DIRECTIONS FOR THIS TASK: Beneath this sentence is a listing. Return its lines from the one containing "Suppe anrichten und" through the last, exactly, and omit the pictures.

DATA EXTRACT:
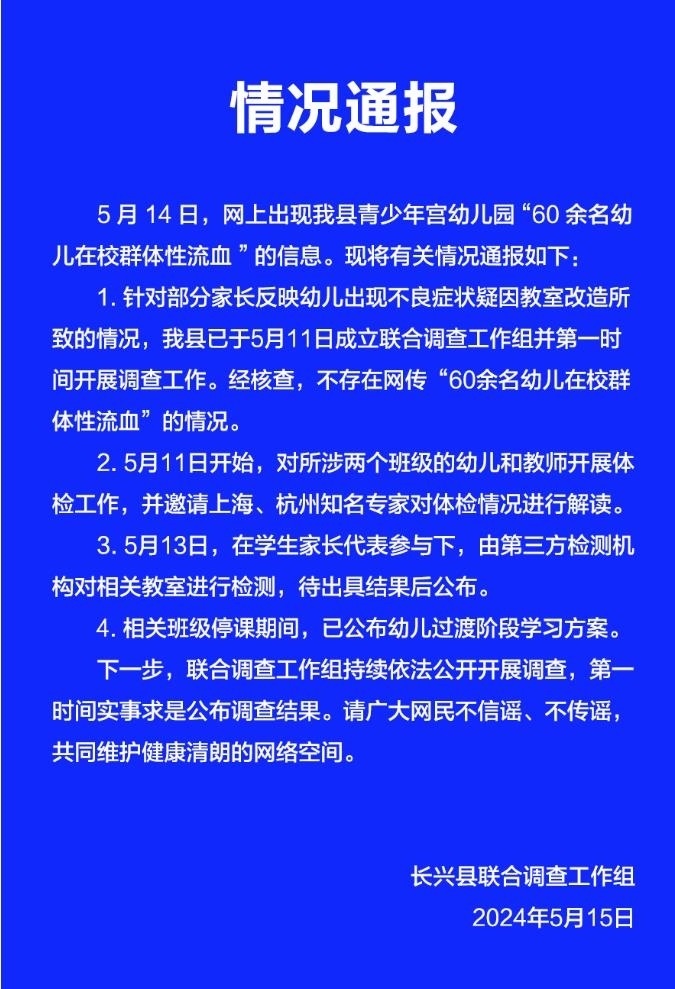 1.針對部分家長反映幼兒出現(xiàn)不良癥狀疑因教室改造所致的情況,我縣已于5月11日成立聯(lián)合調(diào)查工作組并第一時間開展調(diào)查工作。經(jīng)核查,不存在網(wǎng)傳“60余名幼兒在校群體性流血”的情況。
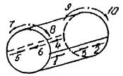 3.4. Наплавка металла после зачистки следов коррозии должна производиться электродами с основным покрытием типа Э50А марки УОНИ-13/55 (ГОСТ 9466, ГОСТ 9467) диаметром 2,5 мм. Особое внимание должно быть обращено на соблюдение режима сварки для предотвращения прожогов трубопровода. 3.5. Муфты должны быть развернутыми и быть изготовлены из труб, рекомендованных для строительства магистрального аммиакопровода (09Г2С или аналогичных). Длина разъемной муфты должна составлять не менее одного диаметра трубы. 3.6. При монтаже муфт при наличии свища между трубой и муфтой должна быть установлена прокладка из неопреновой или другой аммиакостойкой резины, после чего муфта стягивается болтами и обваривается. 3.7. Сварку муфты следует производить в последовательности, указанной на рисунке.
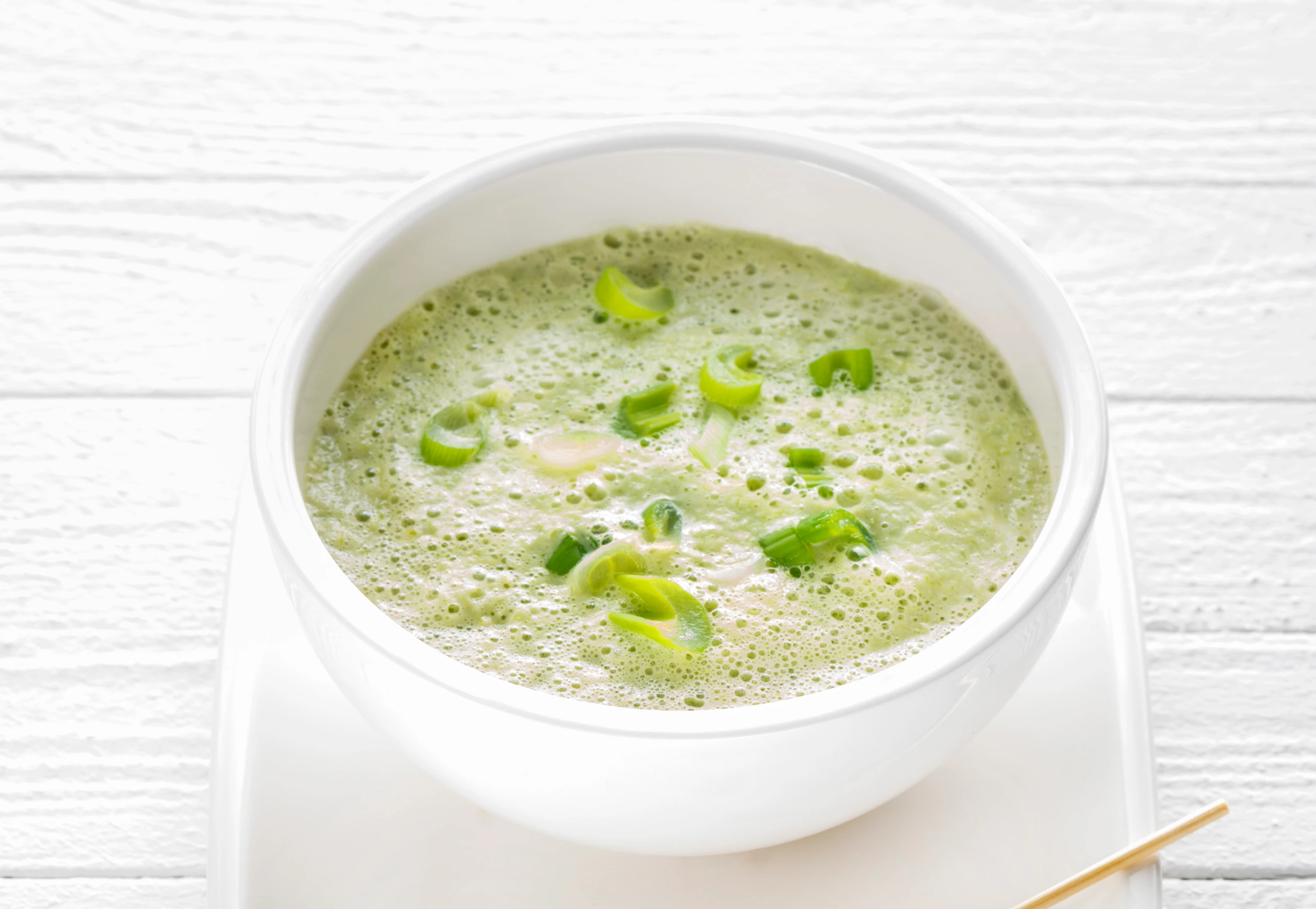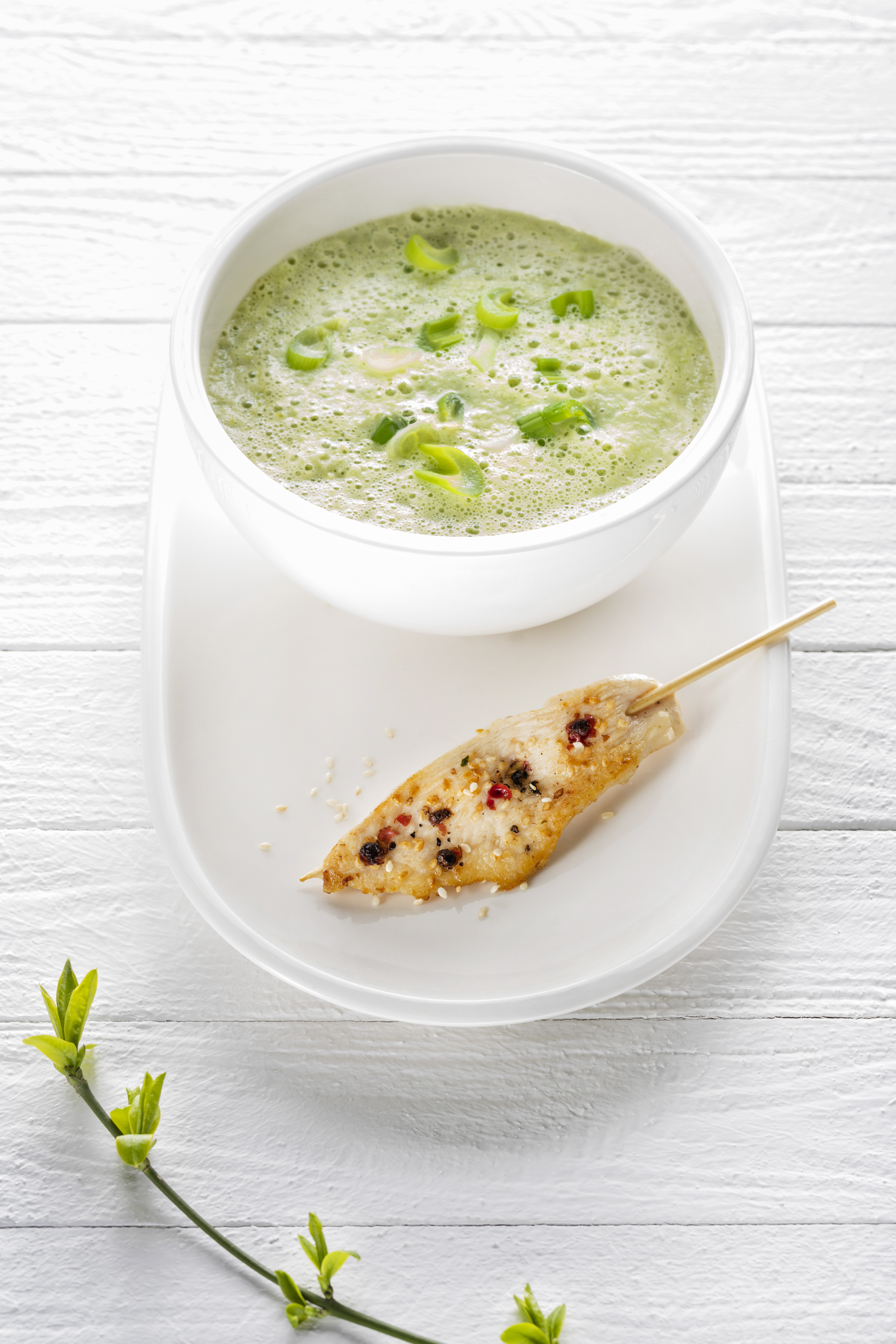 Suppe anrichten und mit reservierten Jungzwiebeln und Hühnerspießchen servieren.
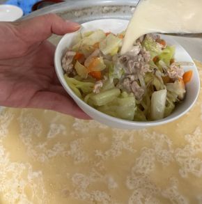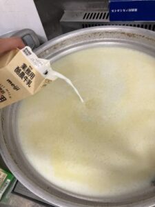 ③牛乳を加え、しょうゆと塩で味をつける。

RESPONSE TO THE EXERCISE:
 Suppe anrichten und mit reservierten Jungzwiebeln und Hühnerspießchen servieren.
 ③牛乳を加え、しょうゆと塩で味をつける。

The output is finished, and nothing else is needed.